Records excerpted from a collection
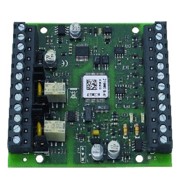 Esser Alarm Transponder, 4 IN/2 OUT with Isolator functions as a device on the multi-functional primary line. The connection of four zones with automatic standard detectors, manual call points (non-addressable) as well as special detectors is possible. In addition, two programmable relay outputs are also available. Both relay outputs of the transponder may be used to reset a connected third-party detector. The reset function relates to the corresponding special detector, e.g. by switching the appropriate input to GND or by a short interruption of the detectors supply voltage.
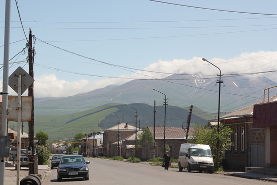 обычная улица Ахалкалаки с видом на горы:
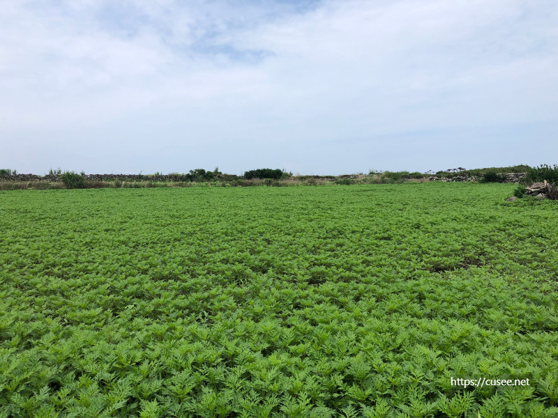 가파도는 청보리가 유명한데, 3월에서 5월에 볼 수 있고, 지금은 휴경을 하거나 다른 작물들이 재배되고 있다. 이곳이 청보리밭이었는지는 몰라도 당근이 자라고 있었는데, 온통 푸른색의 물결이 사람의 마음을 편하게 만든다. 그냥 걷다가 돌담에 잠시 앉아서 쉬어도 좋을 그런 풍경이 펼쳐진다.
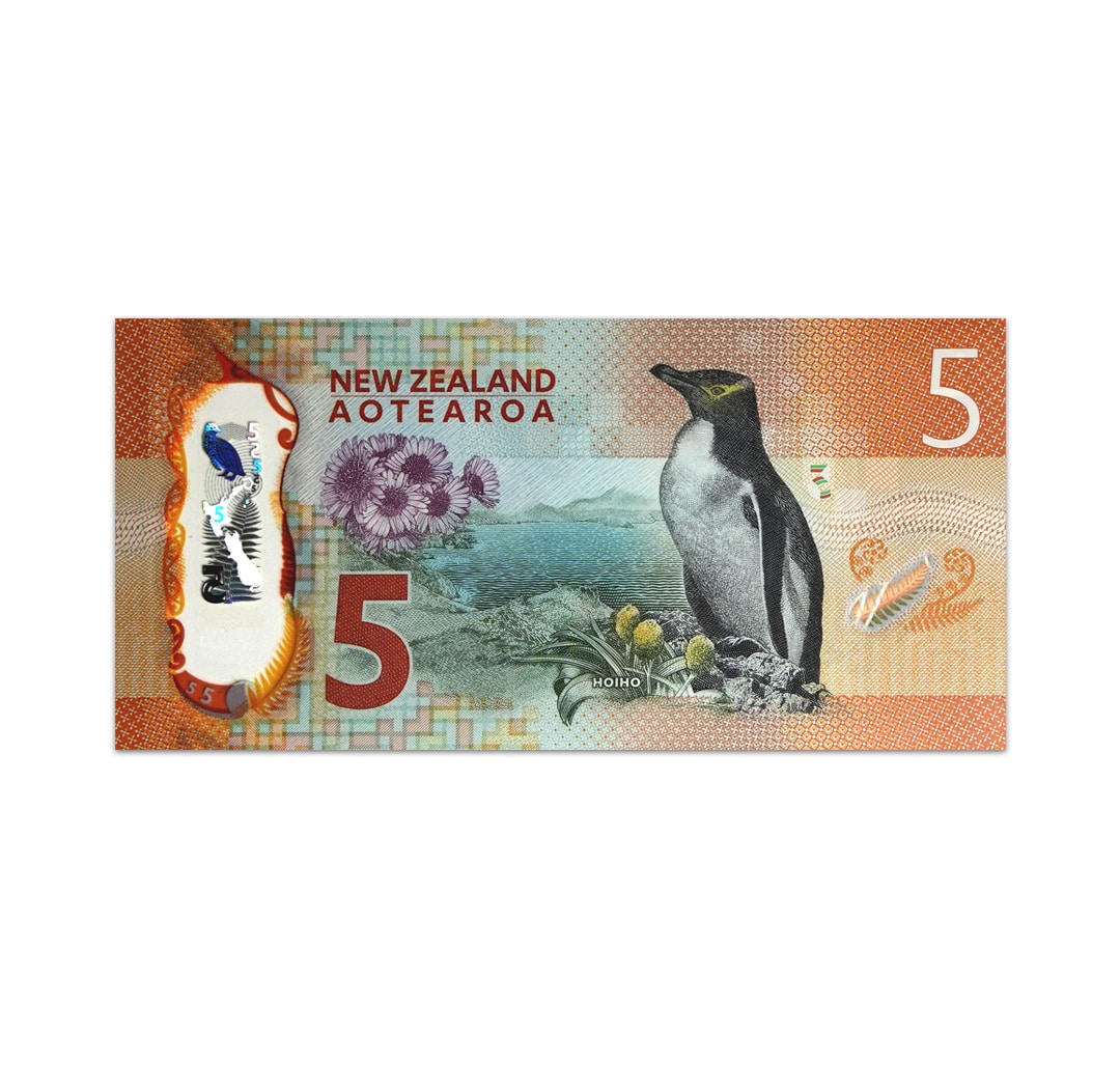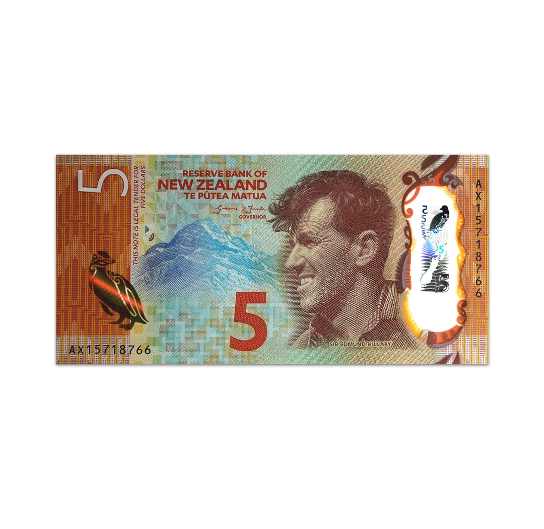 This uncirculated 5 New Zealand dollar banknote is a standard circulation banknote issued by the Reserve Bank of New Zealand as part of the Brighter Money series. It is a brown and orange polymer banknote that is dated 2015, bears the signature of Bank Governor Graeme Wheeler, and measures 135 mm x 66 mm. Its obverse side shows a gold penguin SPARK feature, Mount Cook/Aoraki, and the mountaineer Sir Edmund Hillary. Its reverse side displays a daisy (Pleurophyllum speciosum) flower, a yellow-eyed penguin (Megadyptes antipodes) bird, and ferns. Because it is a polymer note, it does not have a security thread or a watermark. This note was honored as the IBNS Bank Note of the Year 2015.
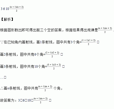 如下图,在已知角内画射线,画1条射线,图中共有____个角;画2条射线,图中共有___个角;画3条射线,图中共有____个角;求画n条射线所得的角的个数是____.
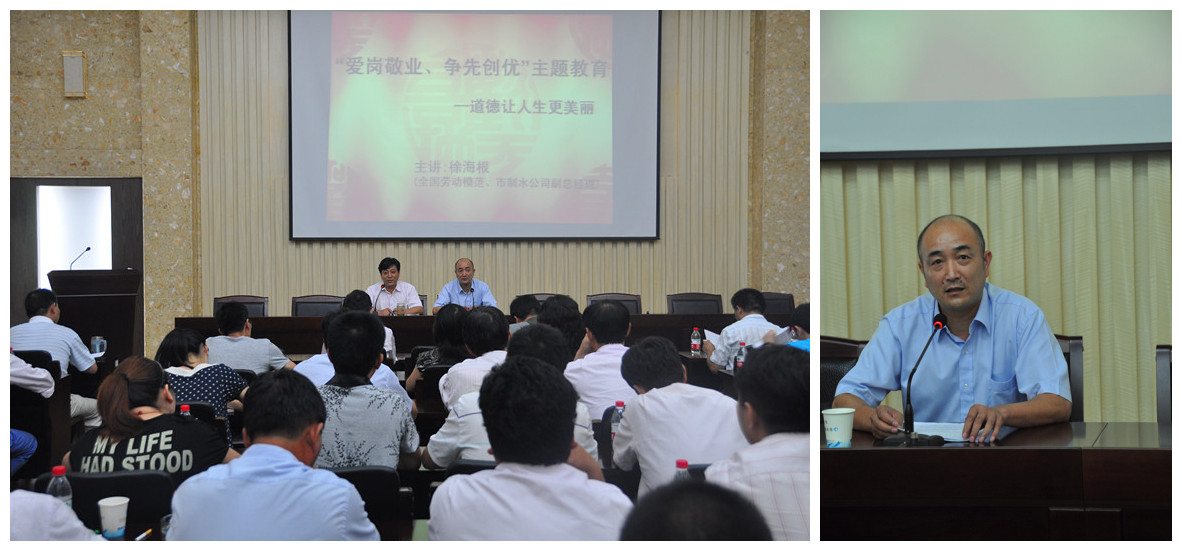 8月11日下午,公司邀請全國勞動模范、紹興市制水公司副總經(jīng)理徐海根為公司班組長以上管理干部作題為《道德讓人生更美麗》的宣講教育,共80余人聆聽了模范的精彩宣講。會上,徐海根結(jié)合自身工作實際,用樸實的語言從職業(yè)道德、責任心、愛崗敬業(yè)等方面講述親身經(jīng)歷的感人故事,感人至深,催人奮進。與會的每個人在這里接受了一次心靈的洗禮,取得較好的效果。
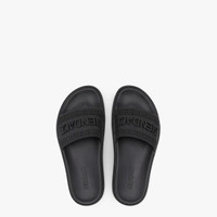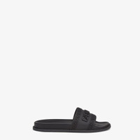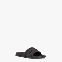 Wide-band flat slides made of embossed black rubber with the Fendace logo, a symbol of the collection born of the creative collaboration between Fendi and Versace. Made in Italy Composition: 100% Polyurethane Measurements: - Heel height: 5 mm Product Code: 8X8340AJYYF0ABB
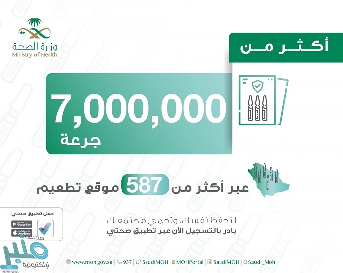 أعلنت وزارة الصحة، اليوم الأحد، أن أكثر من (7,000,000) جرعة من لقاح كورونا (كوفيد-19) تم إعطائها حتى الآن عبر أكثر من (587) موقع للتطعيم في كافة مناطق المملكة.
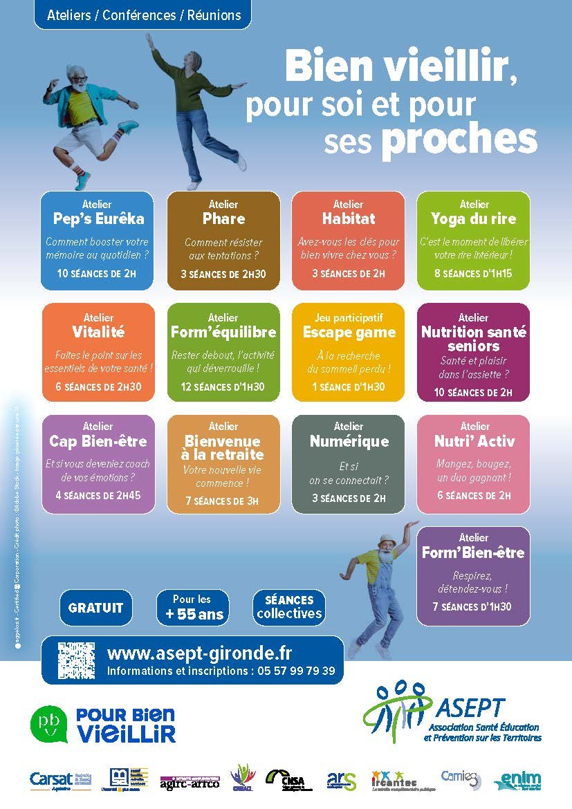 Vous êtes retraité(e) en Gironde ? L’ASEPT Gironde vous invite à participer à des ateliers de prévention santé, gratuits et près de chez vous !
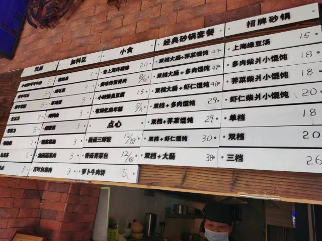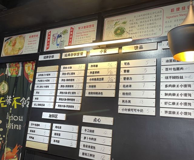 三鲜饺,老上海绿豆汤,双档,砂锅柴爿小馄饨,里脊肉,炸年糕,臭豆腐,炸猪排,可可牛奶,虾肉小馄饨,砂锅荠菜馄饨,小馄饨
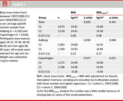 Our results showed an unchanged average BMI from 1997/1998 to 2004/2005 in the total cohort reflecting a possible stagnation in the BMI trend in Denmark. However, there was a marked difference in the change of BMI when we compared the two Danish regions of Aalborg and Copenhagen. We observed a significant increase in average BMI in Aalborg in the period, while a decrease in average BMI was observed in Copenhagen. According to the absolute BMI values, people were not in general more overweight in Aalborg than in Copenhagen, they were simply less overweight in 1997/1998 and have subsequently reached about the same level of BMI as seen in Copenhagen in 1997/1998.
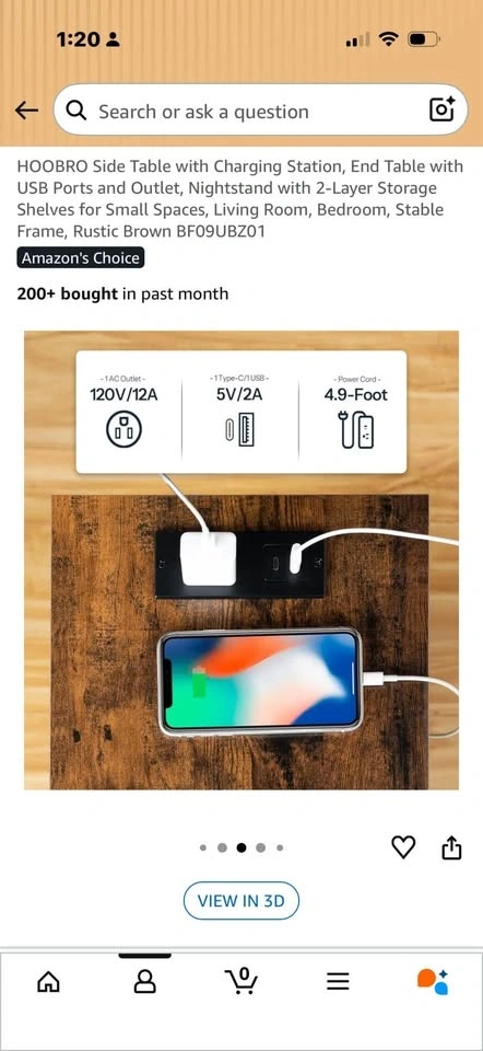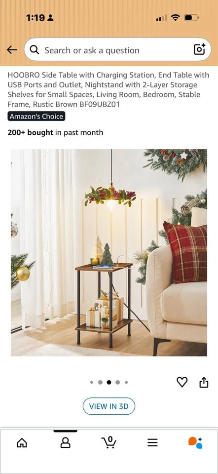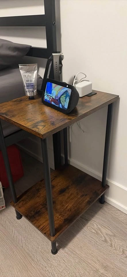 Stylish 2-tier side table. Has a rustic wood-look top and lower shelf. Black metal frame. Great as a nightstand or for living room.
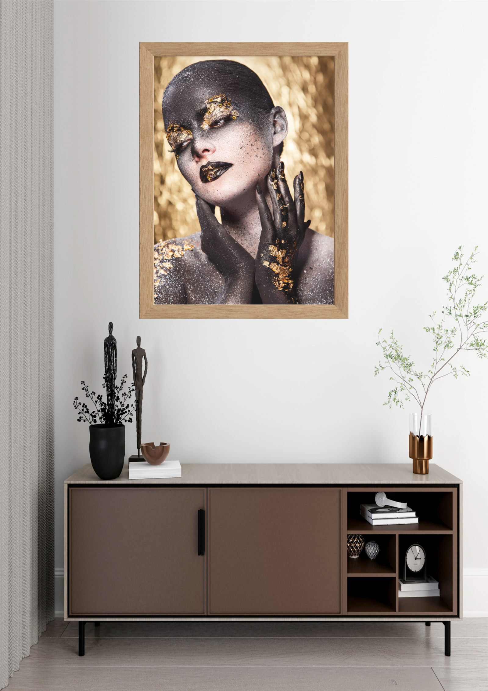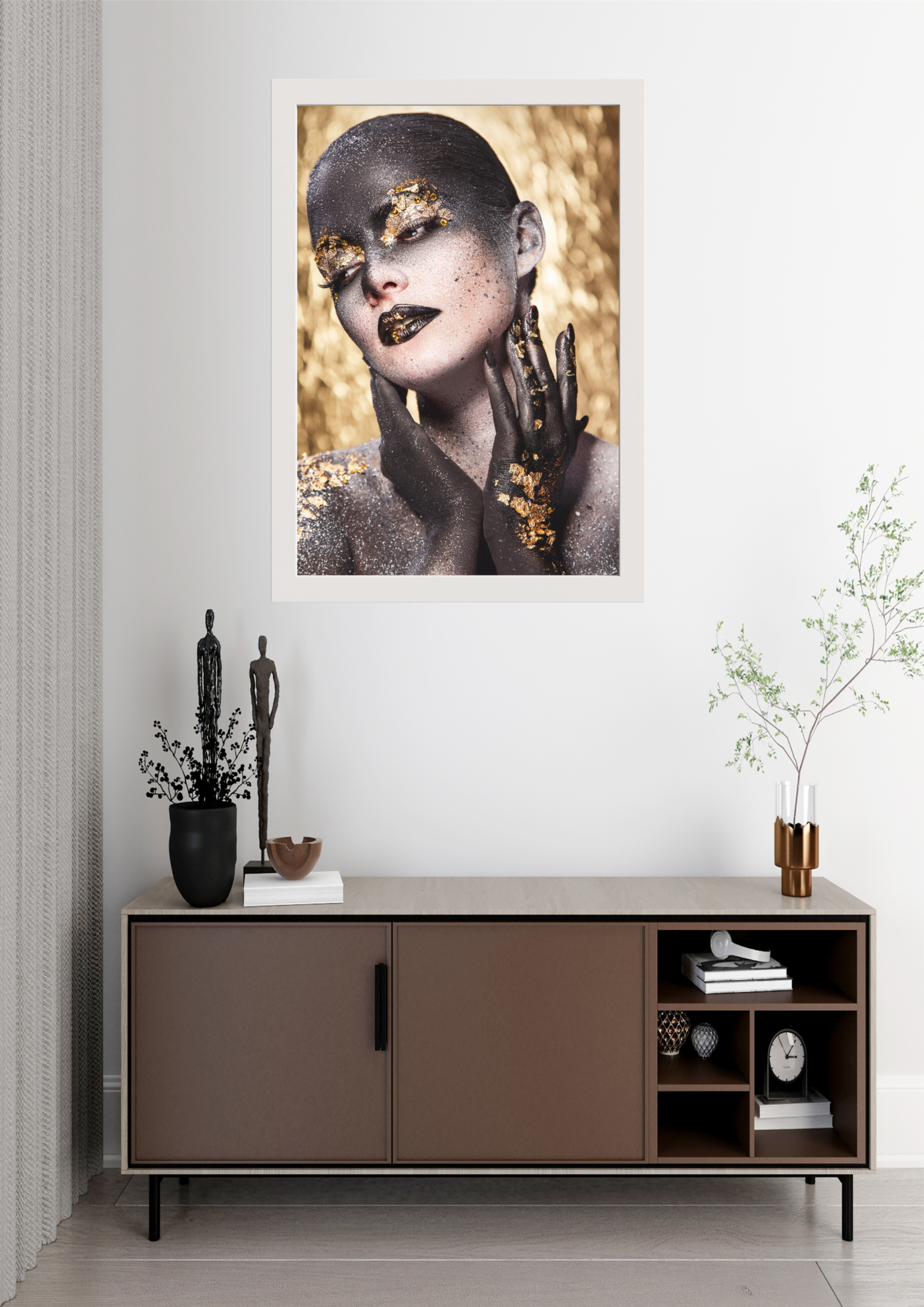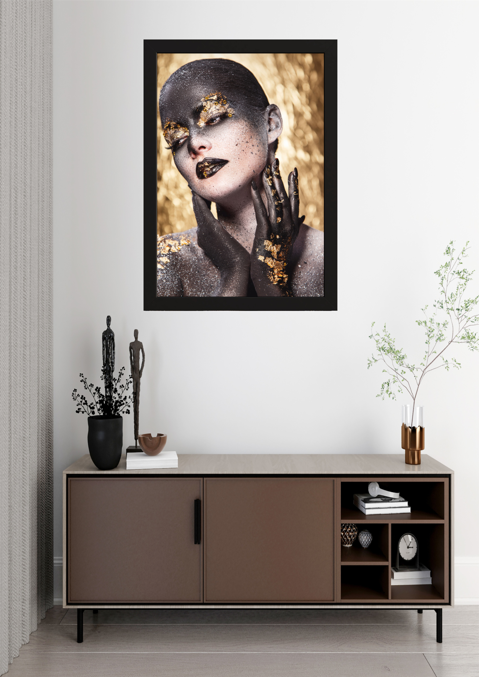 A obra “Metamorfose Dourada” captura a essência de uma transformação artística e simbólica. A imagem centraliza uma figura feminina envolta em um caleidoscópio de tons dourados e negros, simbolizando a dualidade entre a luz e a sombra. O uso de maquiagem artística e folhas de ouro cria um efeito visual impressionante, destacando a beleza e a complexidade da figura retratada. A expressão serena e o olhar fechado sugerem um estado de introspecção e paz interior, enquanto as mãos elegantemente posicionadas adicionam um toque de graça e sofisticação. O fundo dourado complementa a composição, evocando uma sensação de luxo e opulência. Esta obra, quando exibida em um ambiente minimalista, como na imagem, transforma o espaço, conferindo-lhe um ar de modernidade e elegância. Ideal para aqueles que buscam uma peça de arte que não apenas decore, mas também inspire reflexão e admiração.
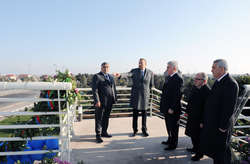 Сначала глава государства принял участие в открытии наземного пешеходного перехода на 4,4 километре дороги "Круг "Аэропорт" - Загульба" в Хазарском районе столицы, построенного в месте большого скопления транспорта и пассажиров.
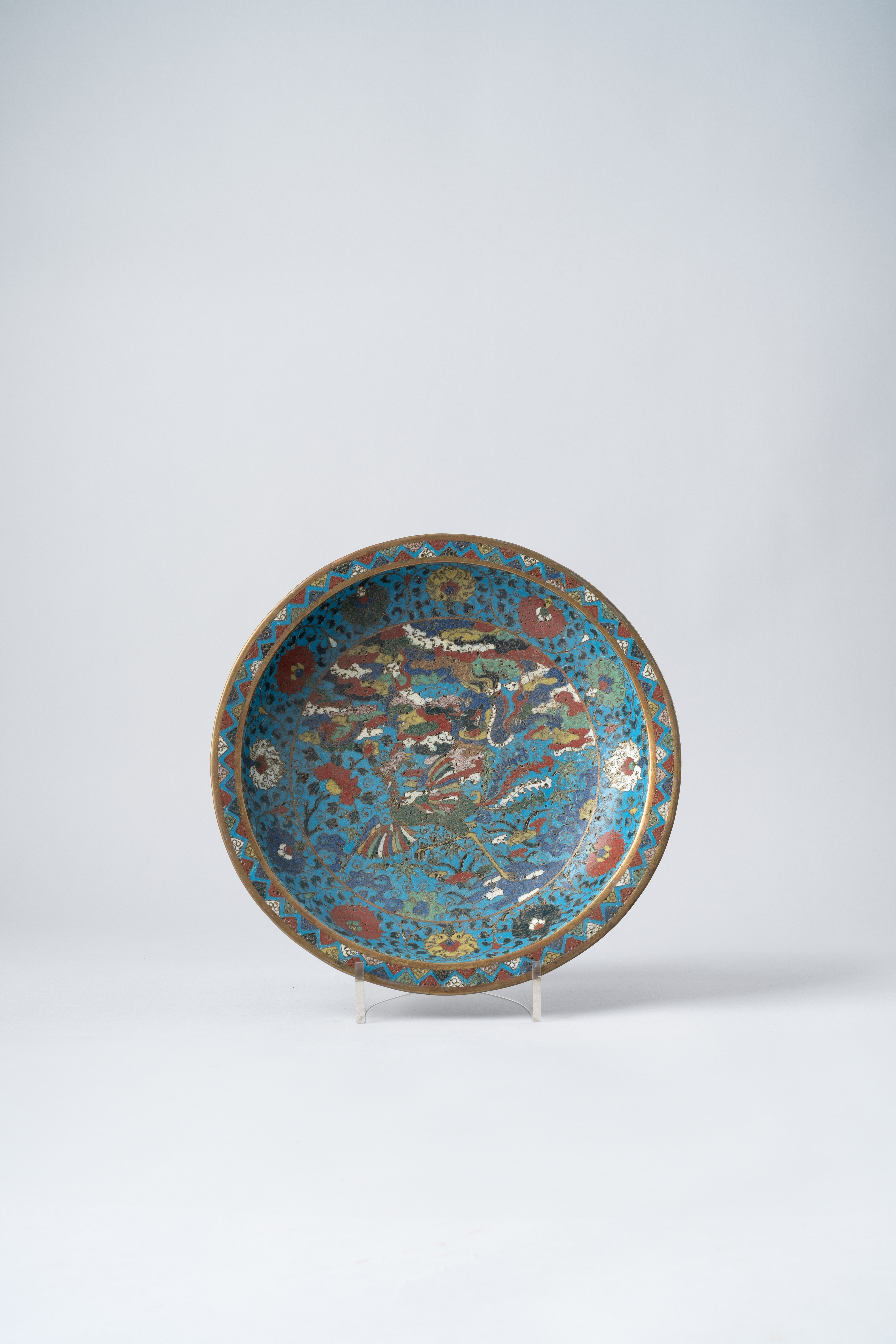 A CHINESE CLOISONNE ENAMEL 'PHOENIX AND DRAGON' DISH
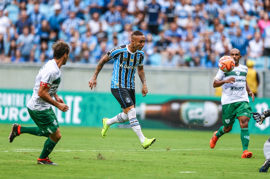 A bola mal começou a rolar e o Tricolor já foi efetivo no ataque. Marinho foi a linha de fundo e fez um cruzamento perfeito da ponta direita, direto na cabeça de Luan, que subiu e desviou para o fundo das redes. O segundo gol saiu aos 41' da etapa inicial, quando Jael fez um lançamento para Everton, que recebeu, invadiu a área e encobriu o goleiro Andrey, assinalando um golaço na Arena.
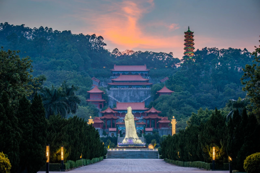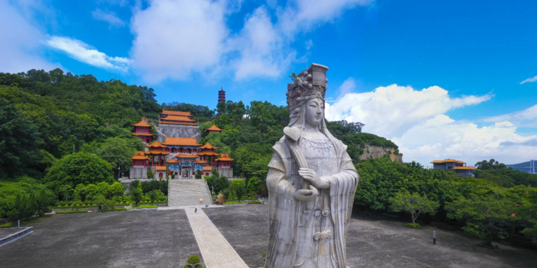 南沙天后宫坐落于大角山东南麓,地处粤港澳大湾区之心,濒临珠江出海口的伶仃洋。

AIM OF THE EXERCISE
Exact repetition is the task: every line from the start of the data to the line with "8月11日下午,公司邀請全國", inclusive, and none after it, pictures omitted.

EXERCISE OUTPUT
 Esser Alarm Transponder, 4 IN/2 OUT with Isolator functions as a device on the multi-functional primary line. The connection of four zones with automatic standard detectors, manual call points (non-addressable) as well as special detectors is possible. In addition, two programmable relay outputs are also available. Both relay outputs of the transponder may be used to reset a connected third-party detector. The reset function relates to the corresponding special detector, e.g. by switching the appropriate input to GND or by a short interruption of the detectors supply voltage.
 обычная улица Ахалкалаки с видом на горы:
 가파도는 청보리가 유명한데, 3월에서 5월에 볼 수 있고, 지금은 휴경을 하거나 다른 작물들이 재배되고 있다. 이곳이 청보리밭이었는지는 몰라도 당근이 자라고 있었는데, 온통 푸른색의 물결이 사람의 마음을 편하게 만든다. 그냥 걷다가 돌담에 잠시 앉아서 쉬어도 좋을 그런 풍경이 펼쳐진다.
 This uncirculated 5 New Zealand dollar banknote is a standard circulation banknote issued by the Reserve Bank of New Zealand as part of the Brighter Money series. It is a brown and orange polymer banknote that is dated 2015, bears the signature of Bank Governor Graeme Wheeler, and measures 135 mm x 66 mm. Its obverse side shows a gold penguin SPARK feature, Mount Cook/Aoraki, and the mountaineer Sir Edmund Hillary. Its reverse side displays a daisy (Pleurophyllum speciosum) flower, a yellow-eyed penguin (Megadyptes antipodes) bird, and ferns. Because it is a polymer note, it does not have a security thread or a watermark. This note was honored as the IBNS Bank Note of the Year 2015.
 如下图,在已知角内画射线,画1条射线,图中共有____个角;画2条射线,图中共有___个角;画3条射线,图中共有____个角;求画n条射线所得的角的个数是____.
 8月11日下午,公司邀請全國勞動模范、紹興市制水公司副總經(jīng)理徐海根為公司班組長以上管理干部作題為《道德讓人生更美麗》的宣講教育,共80余人聆聽了模范的精彩宣講。會上,徐海根結(jié)合自身工作實際,用樸實的語言從職業(yè)道德、責任心、愛崗敬業(yè)等方面講述親身經(jīng)歷的感人故事,感人至深,催人奮進。與會的每個人在這里接受了一次心靈的洗禮,取得較好的效果。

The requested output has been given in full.